▶ PROBLEM
Starting at the first line of the data, print each line verbatim up to and including the line bearing "宜秀區大楓敬老院是第一支部的", omitting pictures.

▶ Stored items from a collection
•••

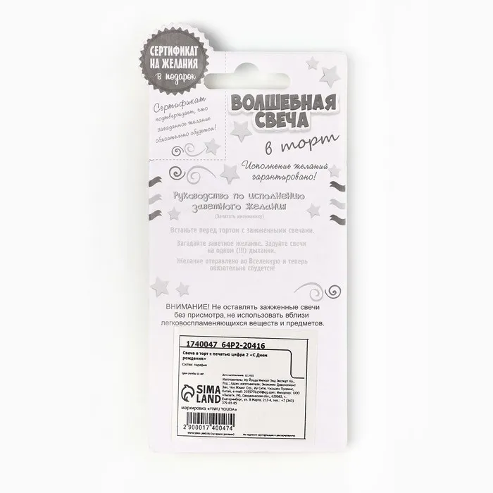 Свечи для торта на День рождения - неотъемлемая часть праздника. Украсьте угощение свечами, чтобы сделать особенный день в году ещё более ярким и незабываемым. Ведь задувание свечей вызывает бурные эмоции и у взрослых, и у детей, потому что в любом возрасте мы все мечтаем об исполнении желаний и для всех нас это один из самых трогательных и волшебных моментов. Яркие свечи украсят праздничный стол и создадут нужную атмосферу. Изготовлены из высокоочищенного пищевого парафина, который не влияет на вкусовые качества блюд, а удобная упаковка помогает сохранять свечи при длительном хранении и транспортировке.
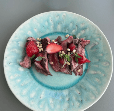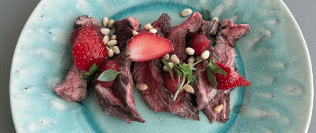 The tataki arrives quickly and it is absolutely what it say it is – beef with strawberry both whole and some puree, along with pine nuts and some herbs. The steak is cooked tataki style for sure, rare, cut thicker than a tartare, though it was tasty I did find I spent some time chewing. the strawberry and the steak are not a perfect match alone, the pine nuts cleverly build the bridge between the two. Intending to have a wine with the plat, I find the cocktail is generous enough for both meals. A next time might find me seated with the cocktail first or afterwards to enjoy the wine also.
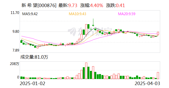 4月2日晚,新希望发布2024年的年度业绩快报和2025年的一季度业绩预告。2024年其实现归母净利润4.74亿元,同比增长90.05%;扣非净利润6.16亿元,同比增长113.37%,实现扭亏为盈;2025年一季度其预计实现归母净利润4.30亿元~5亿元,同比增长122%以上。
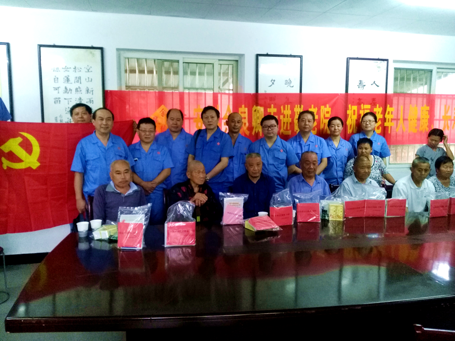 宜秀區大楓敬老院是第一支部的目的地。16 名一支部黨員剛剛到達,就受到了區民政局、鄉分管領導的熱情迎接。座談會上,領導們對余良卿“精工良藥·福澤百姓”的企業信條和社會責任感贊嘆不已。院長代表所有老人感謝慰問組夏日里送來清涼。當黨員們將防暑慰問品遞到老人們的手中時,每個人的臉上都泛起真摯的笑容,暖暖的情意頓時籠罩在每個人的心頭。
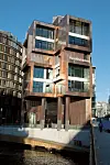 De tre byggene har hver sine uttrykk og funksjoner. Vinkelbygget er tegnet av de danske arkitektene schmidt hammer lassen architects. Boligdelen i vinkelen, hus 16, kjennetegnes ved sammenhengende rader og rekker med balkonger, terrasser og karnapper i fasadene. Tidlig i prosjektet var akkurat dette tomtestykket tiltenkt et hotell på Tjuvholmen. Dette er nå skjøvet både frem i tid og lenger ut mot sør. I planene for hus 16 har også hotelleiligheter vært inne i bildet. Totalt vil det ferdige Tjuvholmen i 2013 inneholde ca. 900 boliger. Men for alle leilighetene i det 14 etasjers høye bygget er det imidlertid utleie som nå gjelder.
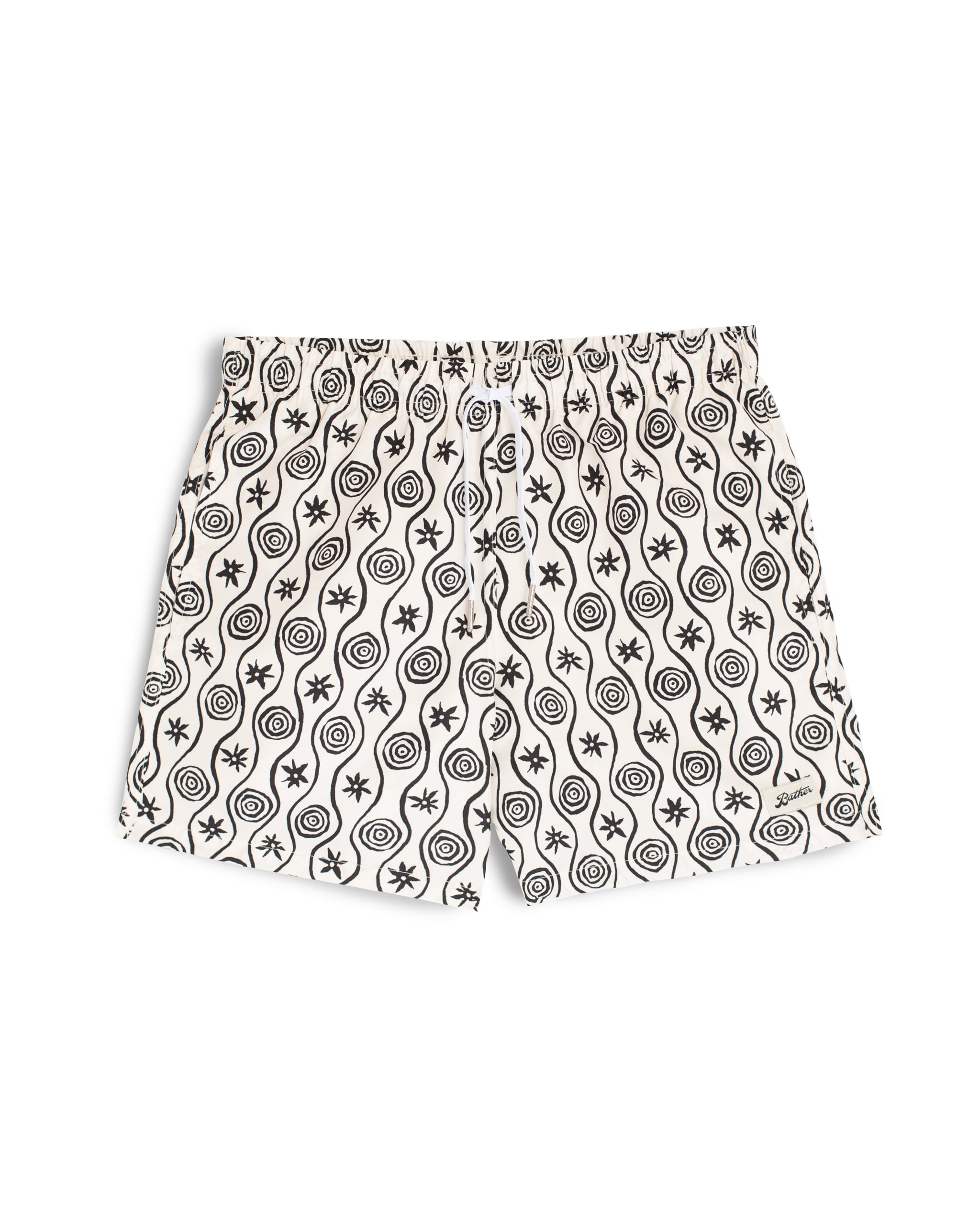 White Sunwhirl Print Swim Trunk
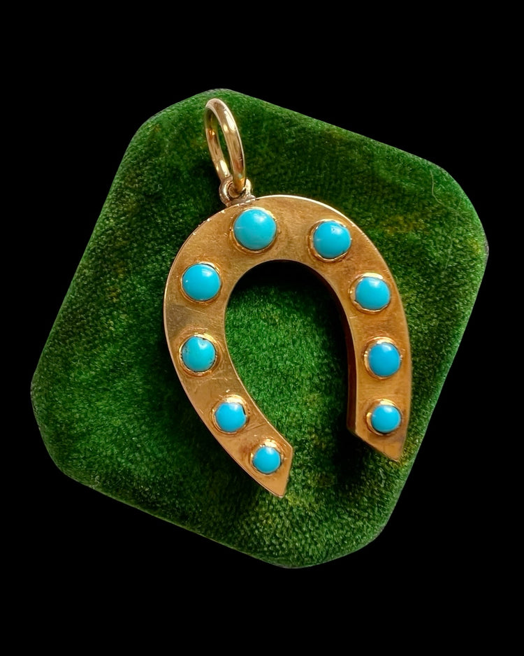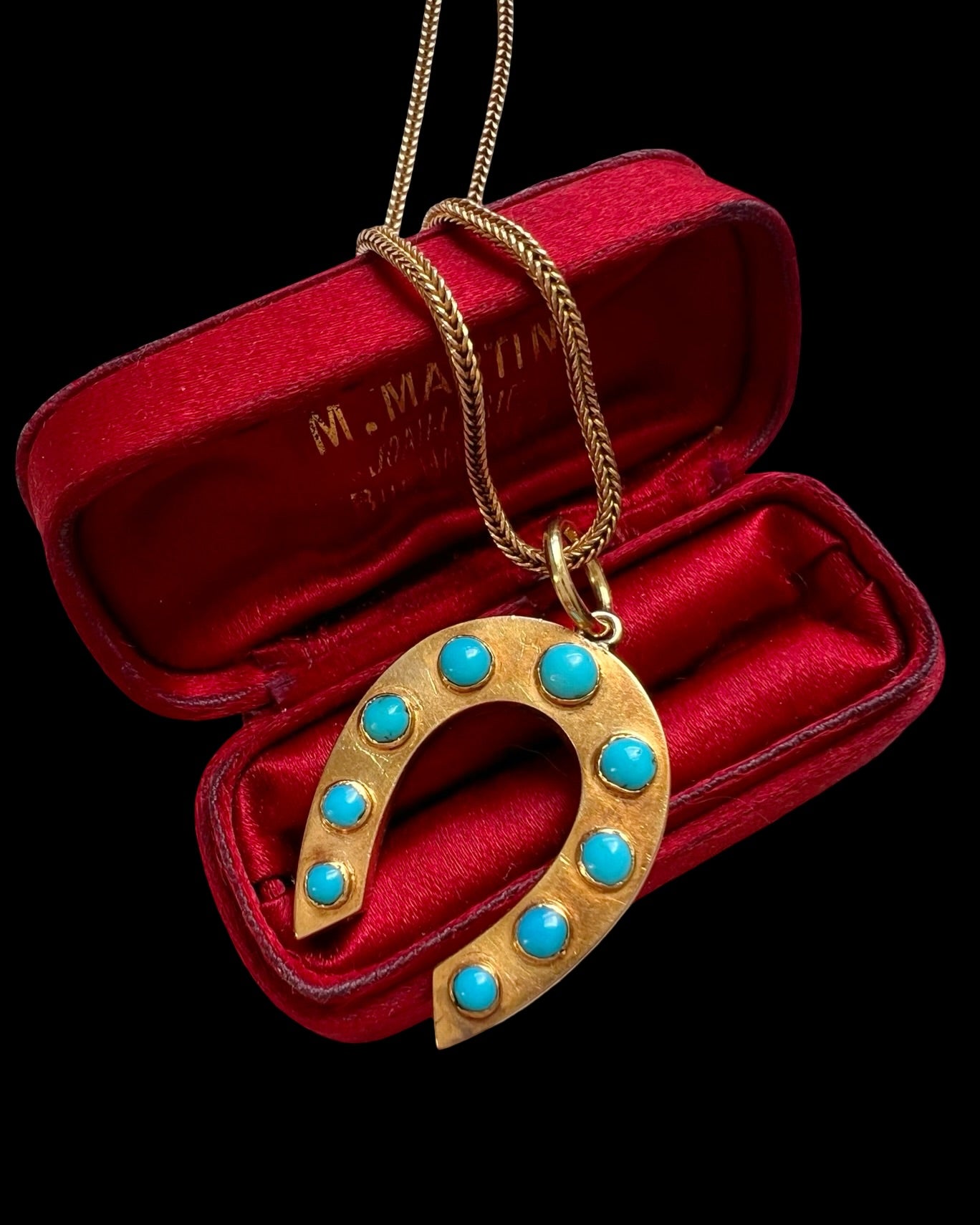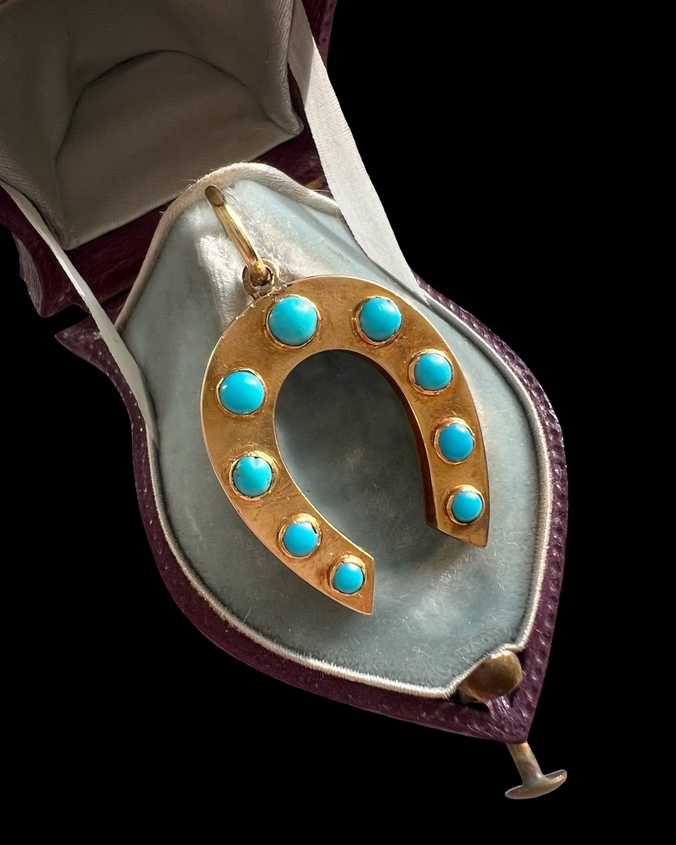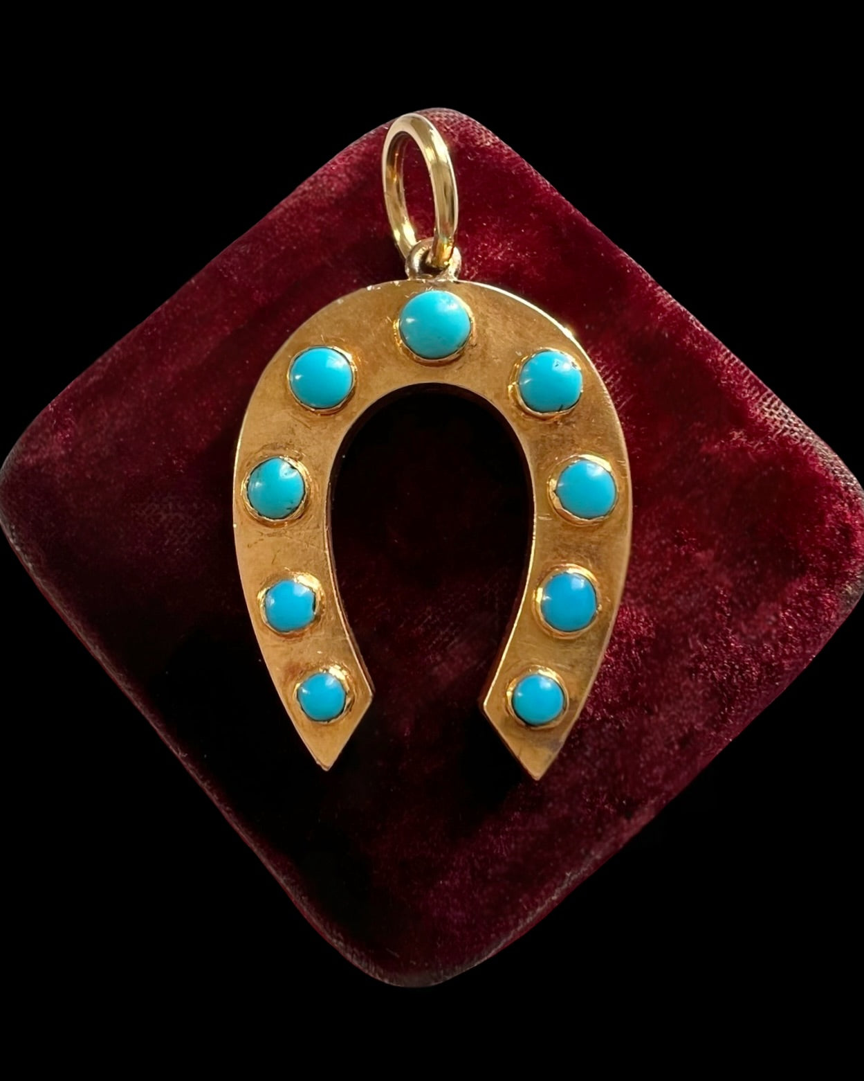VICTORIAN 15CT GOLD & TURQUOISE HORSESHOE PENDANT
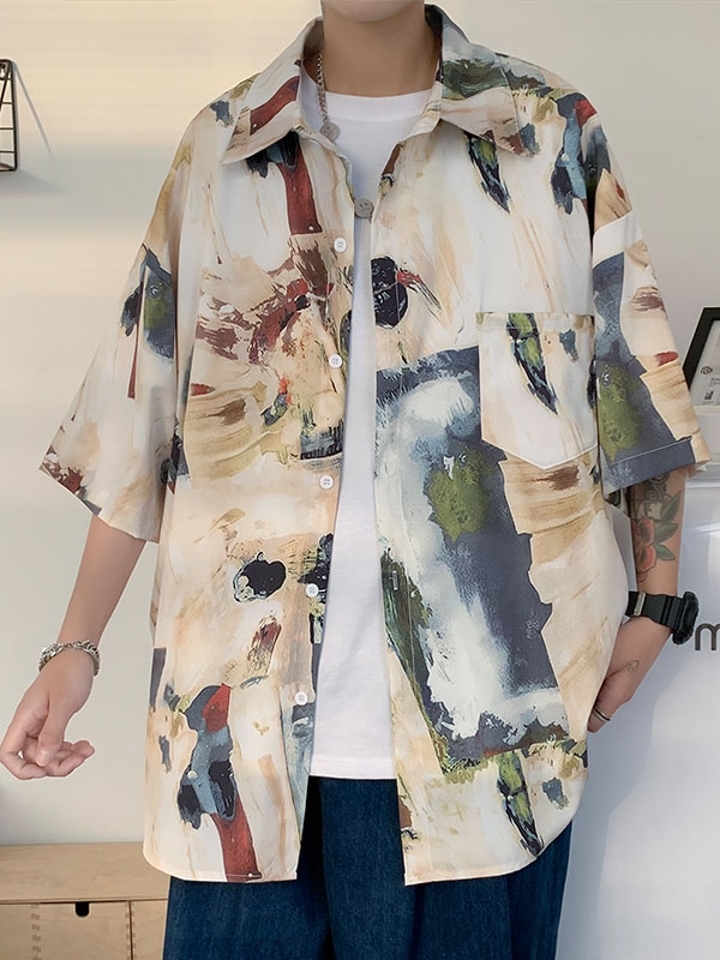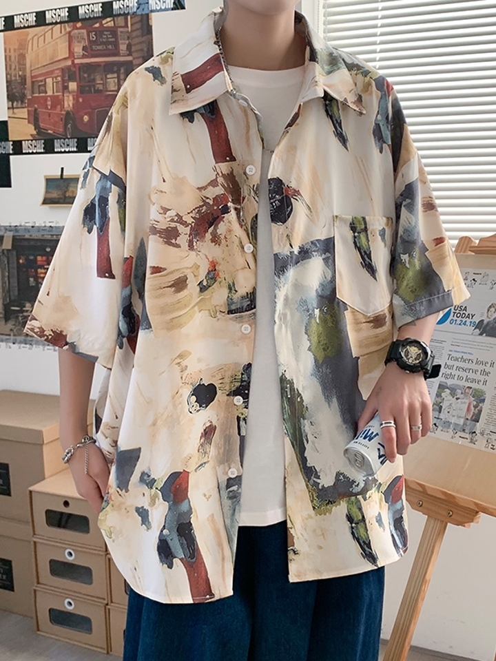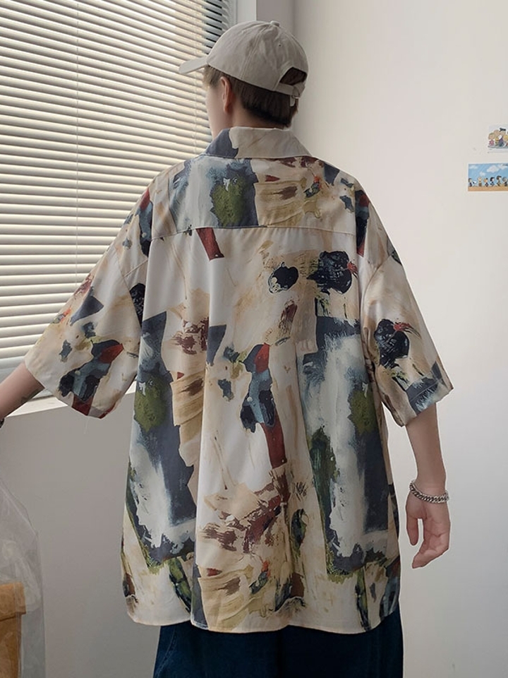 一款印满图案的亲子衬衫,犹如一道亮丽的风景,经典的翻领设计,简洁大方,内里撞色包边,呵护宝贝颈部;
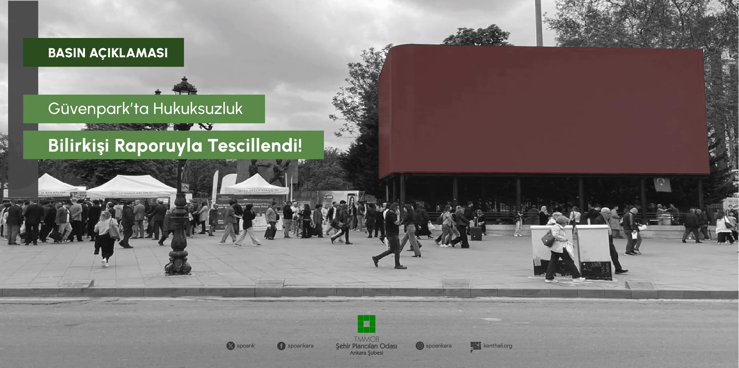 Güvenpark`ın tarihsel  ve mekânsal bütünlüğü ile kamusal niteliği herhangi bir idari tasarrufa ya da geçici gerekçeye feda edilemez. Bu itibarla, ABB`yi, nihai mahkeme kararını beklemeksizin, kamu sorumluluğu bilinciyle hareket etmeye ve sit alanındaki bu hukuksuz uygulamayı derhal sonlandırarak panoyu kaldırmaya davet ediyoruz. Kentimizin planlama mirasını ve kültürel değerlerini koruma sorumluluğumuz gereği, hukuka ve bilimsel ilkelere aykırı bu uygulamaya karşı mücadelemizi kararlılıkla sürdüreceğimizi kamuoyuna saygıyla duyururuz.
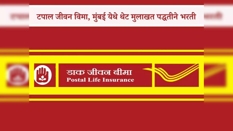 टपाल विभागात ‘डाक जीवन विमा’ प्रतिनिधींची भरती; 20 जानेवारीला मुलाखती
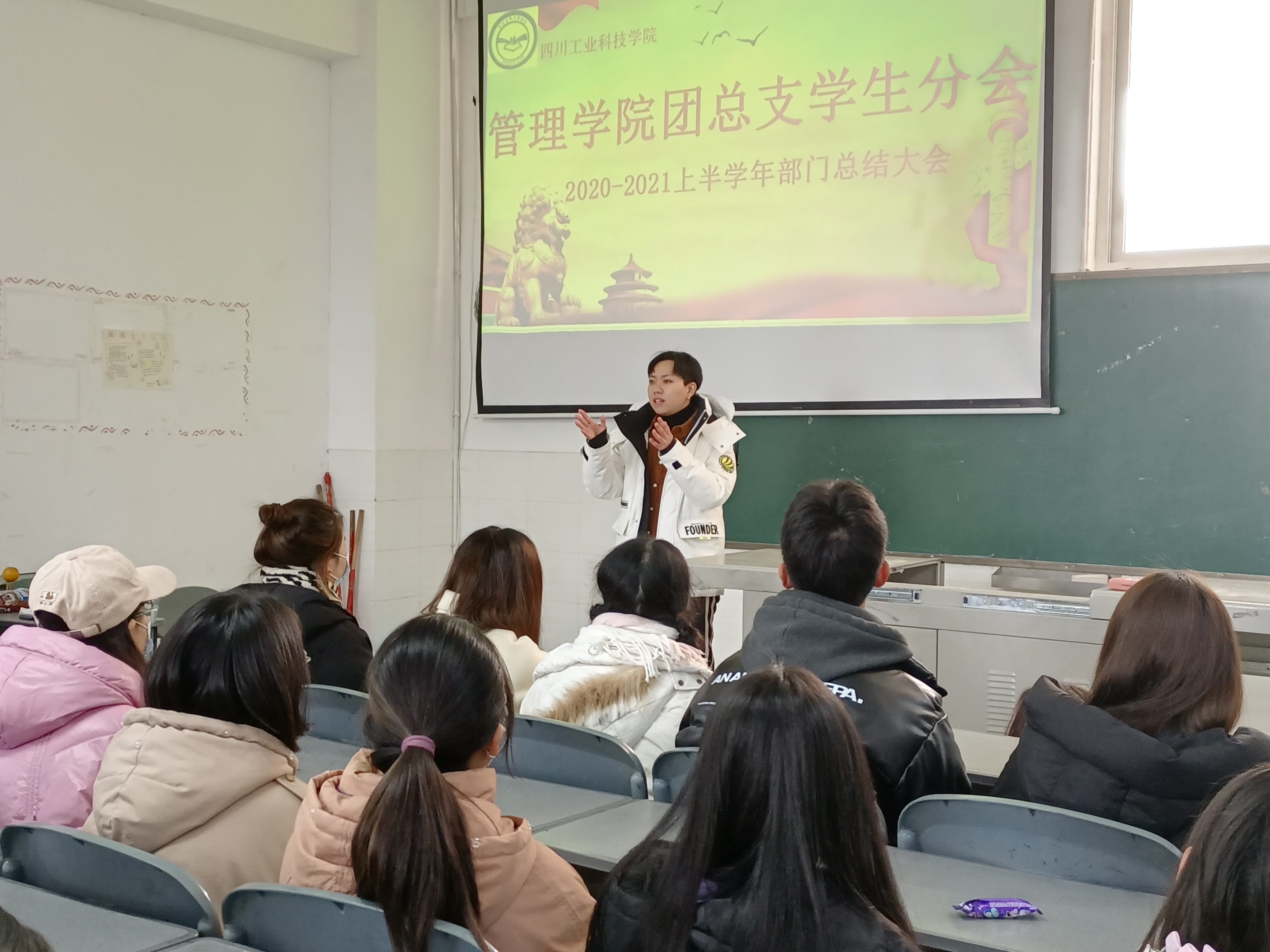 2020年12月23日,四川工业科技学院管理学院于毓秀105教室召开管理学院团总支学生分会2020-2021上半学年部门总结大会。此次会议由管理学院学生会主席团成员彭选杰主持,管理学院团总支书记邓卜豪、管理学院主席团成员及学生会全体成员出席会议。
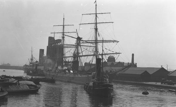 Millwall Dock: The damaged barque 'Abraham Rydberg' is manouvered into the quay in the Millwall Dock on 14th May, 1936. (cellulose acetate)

•••

▶ REPLY
 Свечи для торта на День рождения - неотъемлемая часть праздника. Украсьте угощение свечами, чтобы сделать особенный день в году ещё более ярким и незабываемым. Ведь задувание свечей вызывает бурные эмоции и у взрослых, и у детей, потому что в любом возрасте мы все мечтаем об исполнении желаний и для всех нас это один из самых трогательных и волшебных моментов. Яркие свечи украсят праздничный стол и создадут нужную атмосферу. Изготовлены из высокоочищенного пищевого парафина, который не влияет на вкусовые качества блюд, а удобная упаковка помогает сохранять свечи при длительном хранении и транспортировке.
 The tataki arrives quickly and it is absolutely what it say it is – beef with strawberry both whole and some puree, along with pine nuts and some herbs. The steak is cooked tataki style for sure, rare, cut thicker than a tartare, though it was tasty I did find I spent some time chewing. the strawberry and the steak are not a perfect match alone, the pine nuts cleverly build the bridge between the two. Intending to have a wine with the plat, I find the cocktail is generous enough for both meals. A next time might find me seated with the cocktail first or afterwards to enjoy the wine also.
 4月2日晚,新希望发布2024年的年度业绩快报和2025年的一季度业绩预告。2024年其实现归母净利润4.74亿元,同比增长90.05%;扣非净利润6.16亿元,同比增长113.37%,实现扭亏为盈;2025年一季度其预计实现归母净利润4.30亿元~5亿元,同比增长122%以上。
 宜秀區大楓敬老院是第一支部的目的地。16 名一支部黨員剛剛到達,就受到了區民政局、鄉分管領導的熱情迎接。座談會上,領導們對余良卿“精工良藥·福澤百姓”的企業信條和社會責任感贊嘆不已。院長代表所有老人感謝慰問組夏日里送來清涼。當黨員們將防暑慰問品遞到老人們的手中時,每個人的臉上都泛起真摯的笑容,暖暖的情意頓時籠罩在每個人的心頭。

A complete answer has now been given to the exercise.